Norway’s whitefish markets face another tight year in 2026, with low supply, firm prices and Europe as the key battleground, according to a new outlook from the Norwegian Seafood Council.
Lower quotas and reduced volumes shaped 2025. Prices and values still rose. That points to strong demand. The Council says this pattern is likely to continue in 2026, primarily for cod. Scarcity, not weakness, explains today’s prices.
The main driver is limited supply. Cod is under the most pressure. Fewer fish mean higher prices, even as volumes fall. The Council expects this balance to hold through 2026. Demand in export markets remains solid despite tighter supply.
Europe remains the core market
Europe is by far the most important market for Norwegian whitefish. Buying power in key countries will shape demand in 2026.

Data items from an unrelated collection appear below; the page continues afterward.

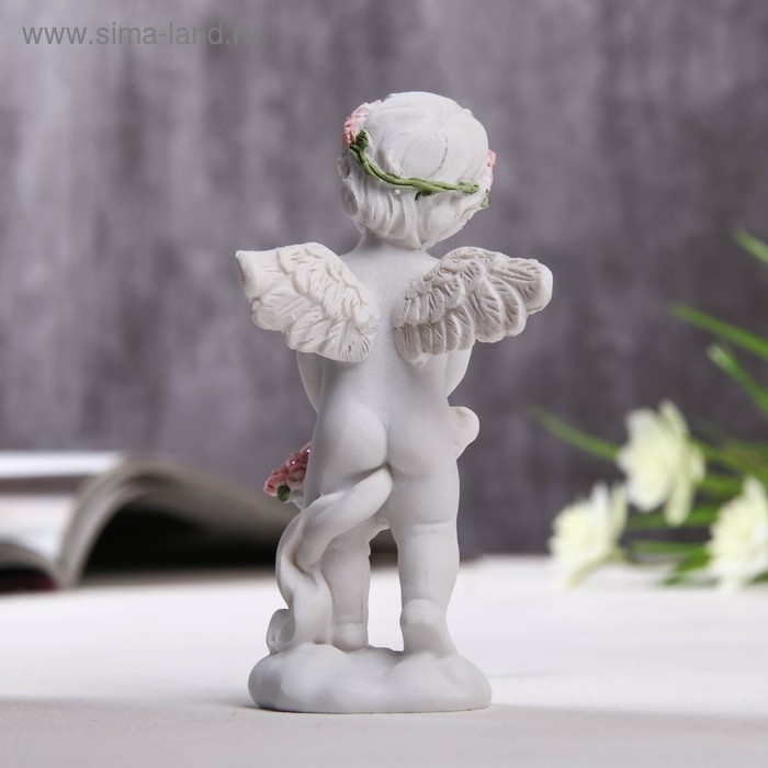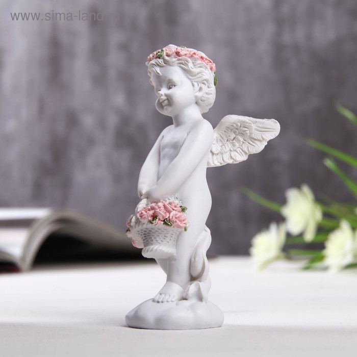 Фигурка полистоун "Ангел с корзинкой розовых роз" 10х3,5х5 см
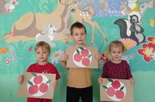 Аппликация младшая группа. Формировать умение наклеивать готовые формы фруктов.
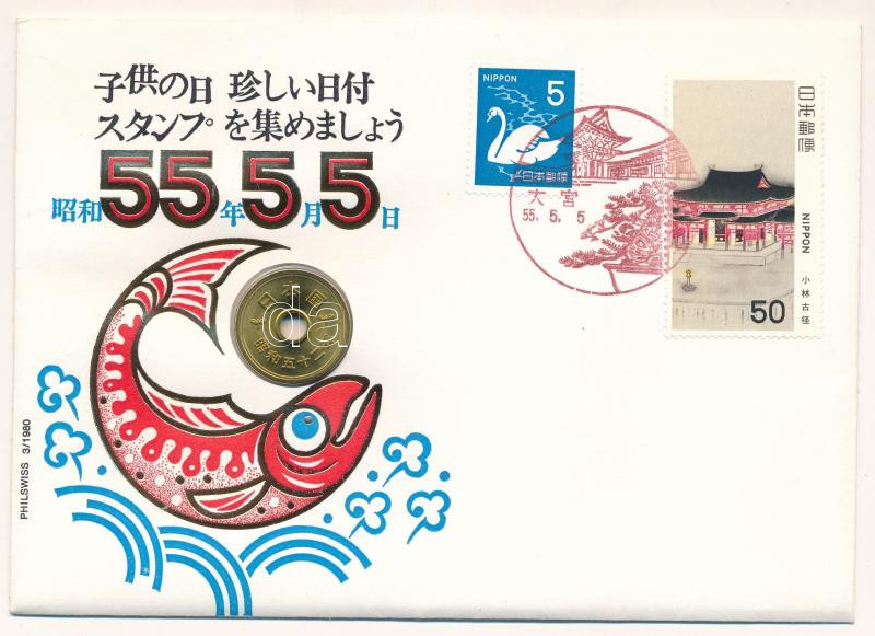 Beschreibung: Japán 1977. 5Y érmés borítékban, bélyegekkel és alkalmi bélyegzéssel T:UNC Japan 1977. 5 Yen in coin envelope with stamps and cancellation C:UNC
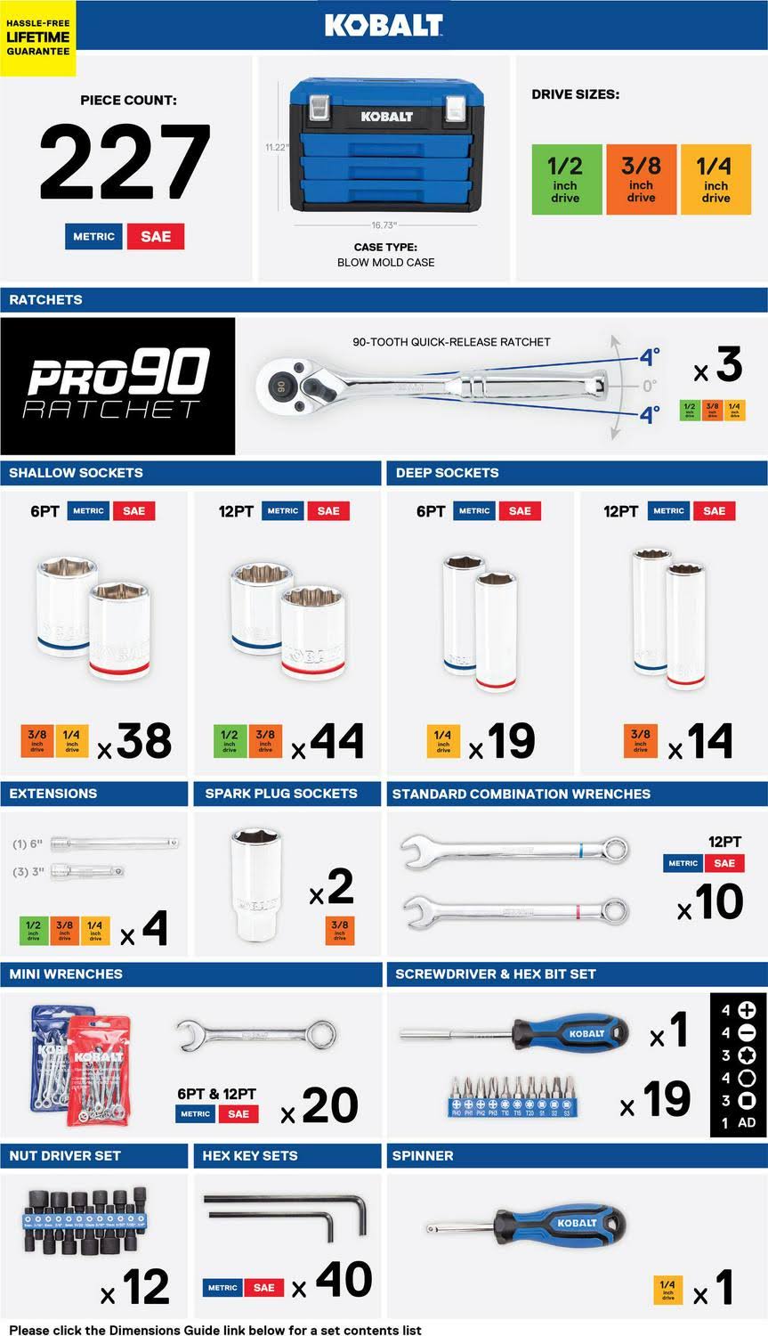 Kobalt 227-Piece Standard (SAE) and Metric Combination Polished Chrome Mechanics Tool Set
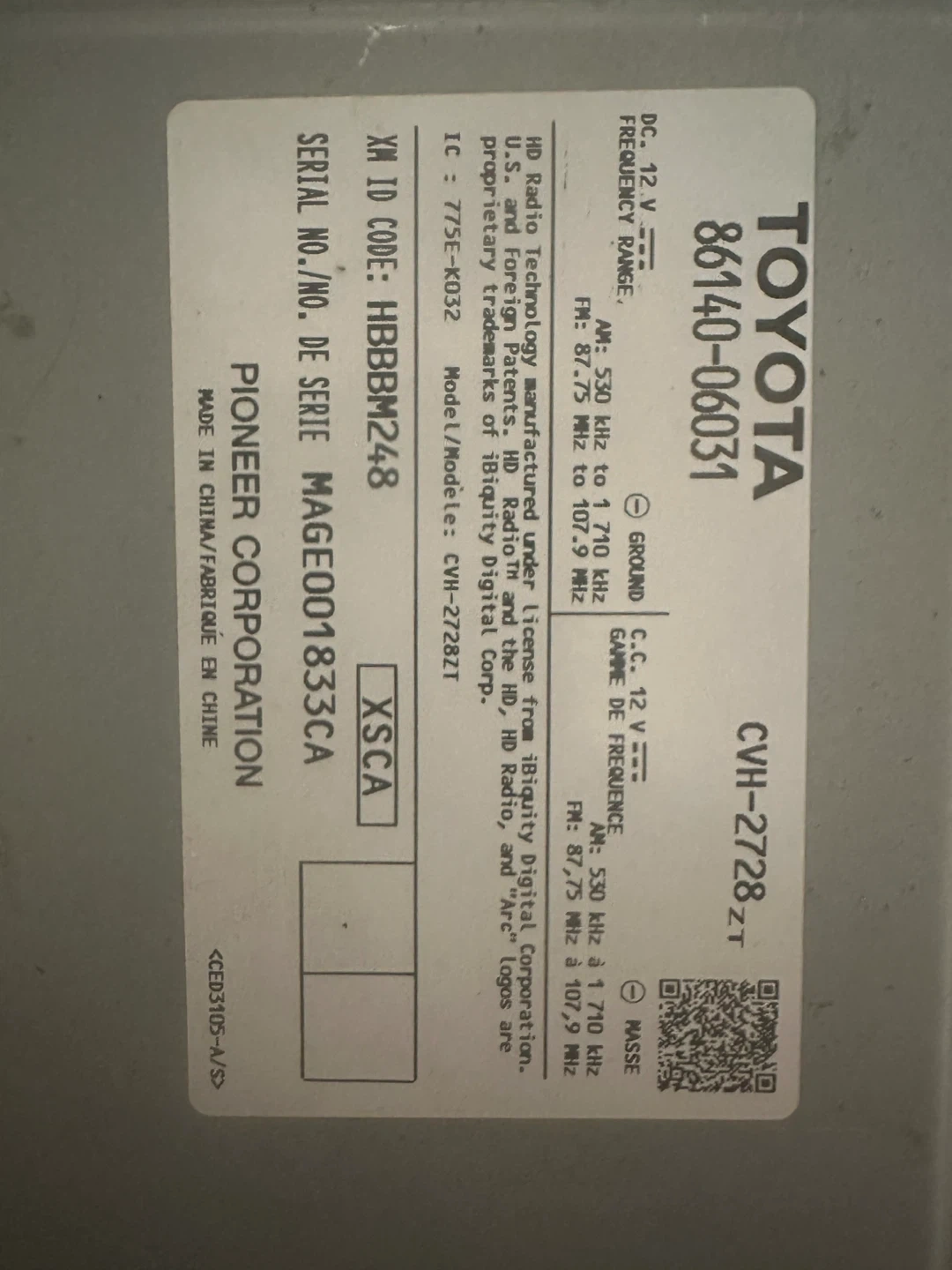 Selling a Toyota Pioneer car radio, model CVH-2728ZT. It's in good condition and ready to be installed in your vehicle. This unit supports both AM and FM frequencies.

Traditional markets have proven the most resilient during the quota cuts. Their ability to absorb high prices will be crucial in the year ahead.
Big test when volumes return
A larger test lies ahead. When wild cod volumes rise again, and farmed cod grows, the market will be challenged. The key question is timing. When supply increases, will consumers return to today’s price levels, or will prices have to fall? The Council points to 2027 and beyond as a turning point for value creation.
Beyond supply and demand, politics also matters. Sanctions on Russian seafood have helped lift demand for Norwegian whitefish. Any change could hit markets fast. At the same time, tariffs, political uncertainty, and shifts in trade flows add strain, mainly with the United States.
When cod is scarce, other fish matter
Finally, more species are set to play a bigger role. When cod is scarce, other fish help maintain consumption. Saithe, haddock and halibut are already crucial in several markets.
Farmed cod is also gaining ground, helping secure a stable supply and protect the consumer base.
The message for 2026 is clear. Tight supply supports prices. Europe holds the key. And the industry must prepare for a more challenging test when volumes rise again.